# lightning (usb) to optical -> bit ten



## akatreyt (Jan 6, 2012)

I have a bit ten in my car and later this year I'm going to be adding an iPad. Im looking for a way to go lightning cable to optical out. I currently use the pure i20 but I have to go to 30 pin to lightning and its causing me a headache. Looking for something that will make the install a bit more simple. 

Thanks


----------



## t3sn4f2 (Jan 3, 2007)

Apple "digital AV adapter" + "HDMI to S/PDIF extractor"


----------



## jb4674 (Jan 29, 2015)

I'm using an AudioEngine B1 into the optical of my BitOne. 


Sent from my iPhone using Tapatalk


----------



## jsolo53 (Dec 8, 2015)

You would use Apple's usb camera adapter #3. This is a newer item from Apple. It has a lightning connector, a lightning port and a usb port. So its connector connects to your ipad, its lightning port connects to a power source, and its usb port connects to a usb to s/pdif converter. I use Peachtree Audio X1 for the conversion and a 12 volt power adapter for power source. It works reliably and SQ is very high.


----------



## Onyx1136 (Mar 15, 2009)

There's a 5 page thread about this very topic that's explored almost every single option. Happy reading. 
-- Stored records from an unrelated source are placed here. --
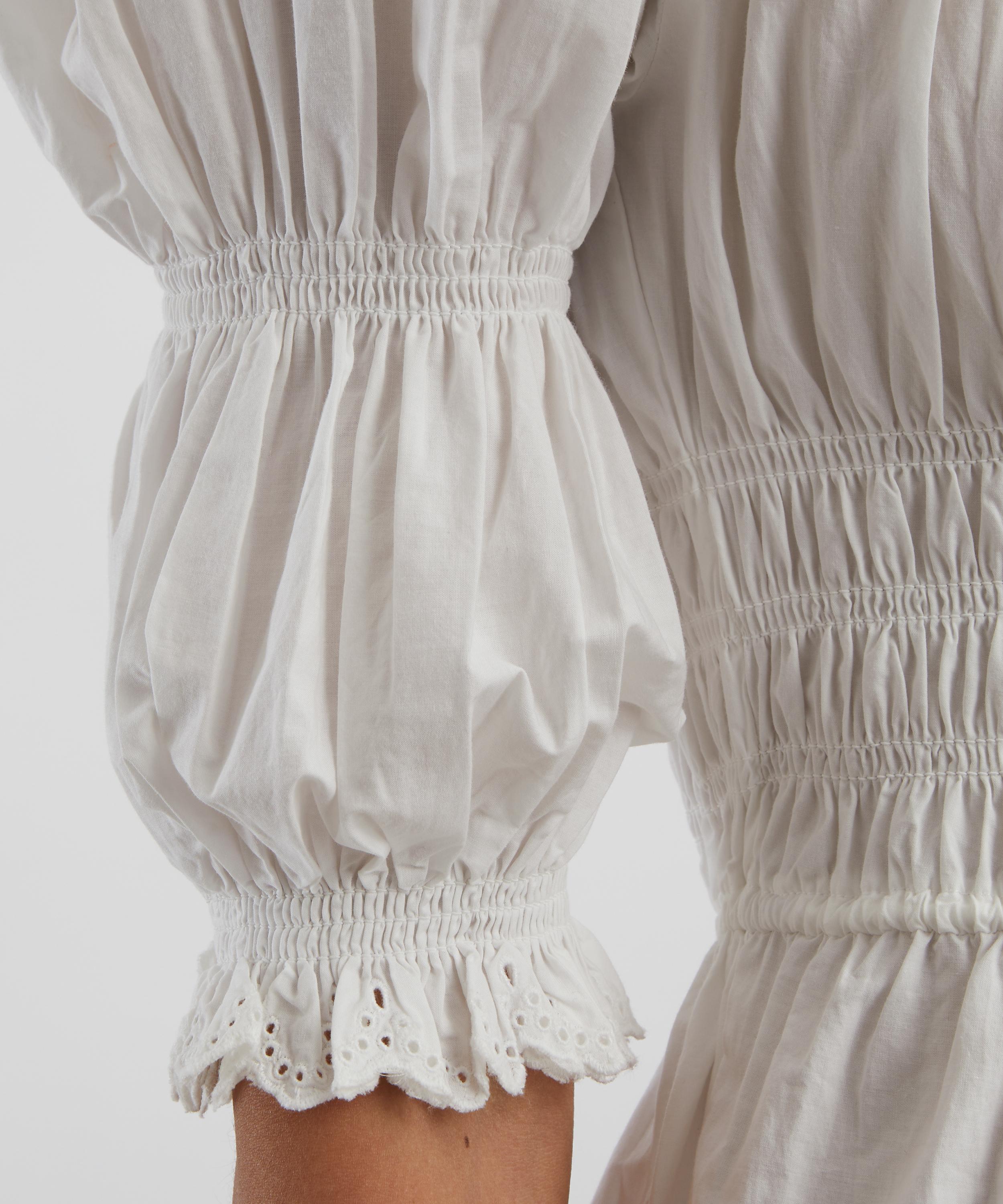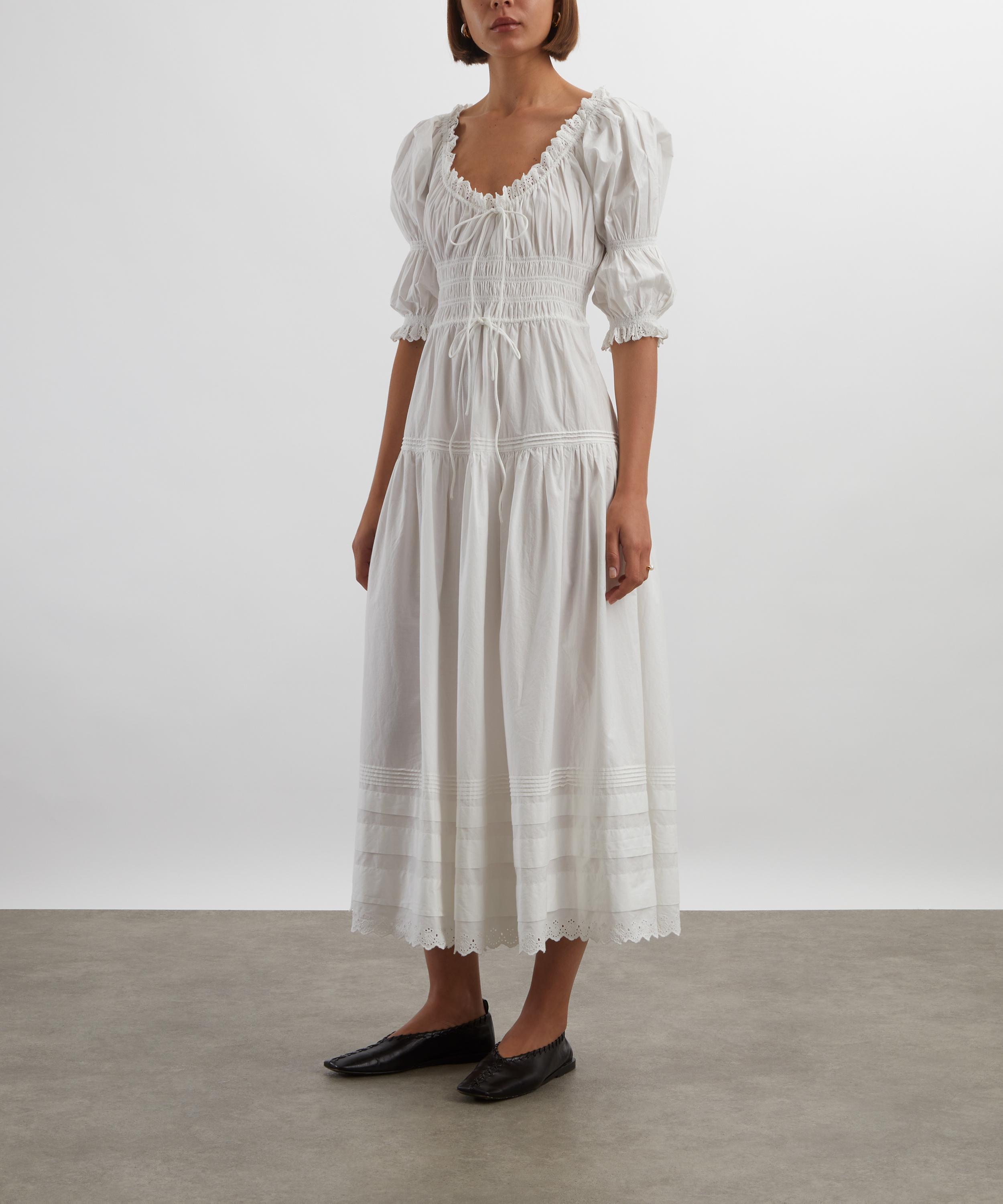 Crafted from crisp cotton, the Bardot features a scoop neckline, double-puffed sleeves, and a smocked bodice that flows into a full, ankle-grazing skirt with pintucks and scalloped eyelet embroidery for a quaint finish.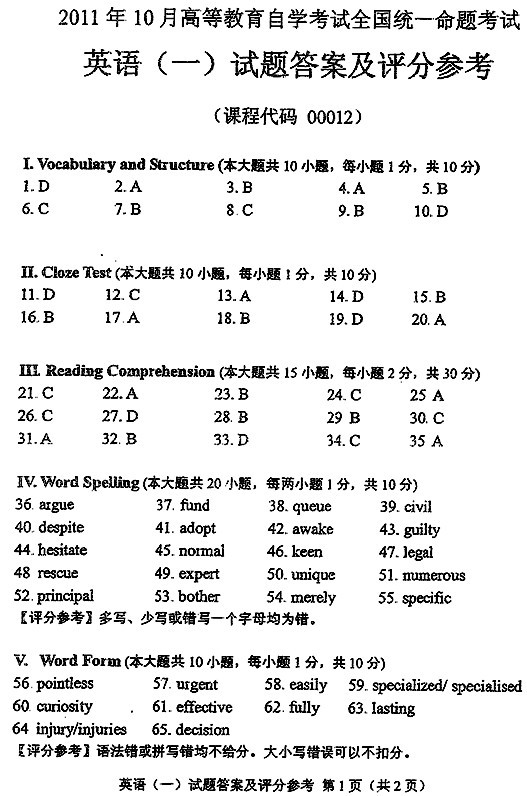 - 更新!2025年10月自考《英語二》答案匯總2025-10-28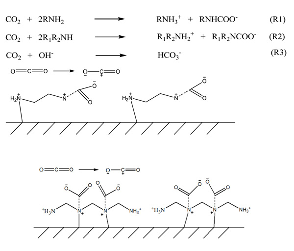 圖2:胺官能化活性炭表面上的乙二胺和三亞乙基四胺與二氧化碳之間的擬議反應機理。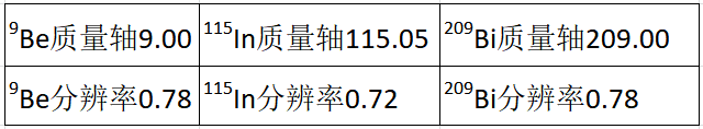質(zhì)量軸:以1×10-2 mg/L Be、In、Bi、混合溶液進(jìn)樣,打印質(zhì)量數(shù)9,115,209的譜圖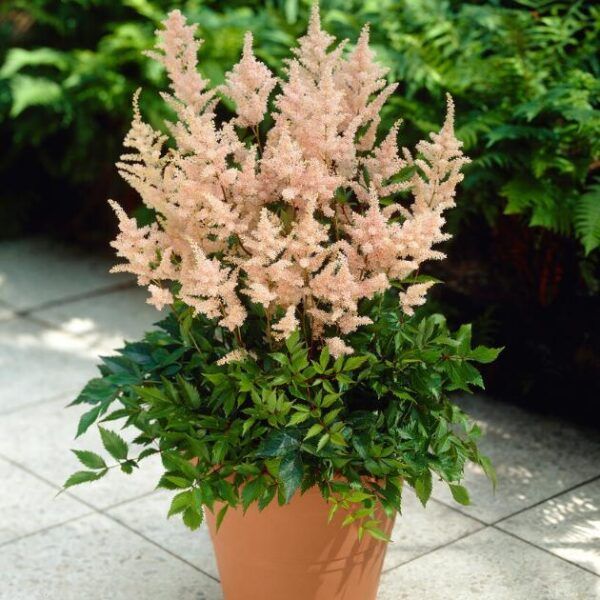 Astilbe er en skyggeelskende staude med fjærlette blomsterstander fra tidlig–midt sommer (noen sorter senere). Den trives i halvskygge til skygge og i jevn fuktig, humusrik men godt drenert jord. Perfekt ved damkanter, i skyggebed og i store krukker. Stabil, pålitelig og svært dekorativ også med bladverket. Full fylde kommer ofte fra år 2 når planten får stå i ro.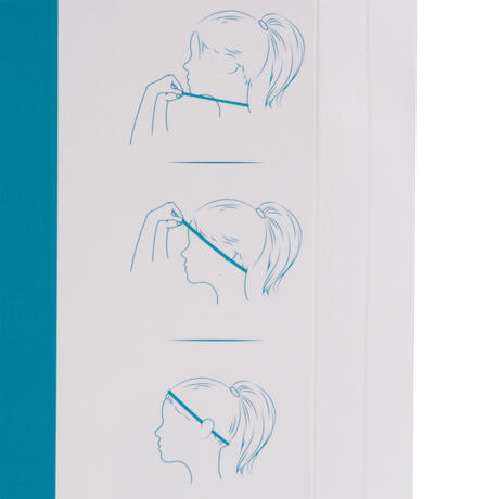 Pro správné nasazení: přetáhnete si ji přes hlavu na krk a přehodíte přes ni vlasy. Následně ji přetáhnete přes obličej nad čelo tak, aby procházela za ušima. Následně si ji nastavíte, tak aby vám bylo její nošení pohodlné. Zkontrolujte, že máte silikonovou stranu směrem dolů.

http://www.diymobileaudio.com/forum...o-discussion/289993-ios-s-pdif-converter.html


----------



## angelo4296 (Aug 16, 2014)

On a bit of a variation of this topic, I am having trouble that never existed before. I can no longer get my Alpine INE W960 to connect with my IPad Mini 2 via the lightning to USB cable. I'd say a few IOS system updates ago, everything worked flawlessly. Any thoughts? Now the only way for me to stream Apple music is to connect via bluetooth which means now I've lost all album artwork, lyrics, etc.


----------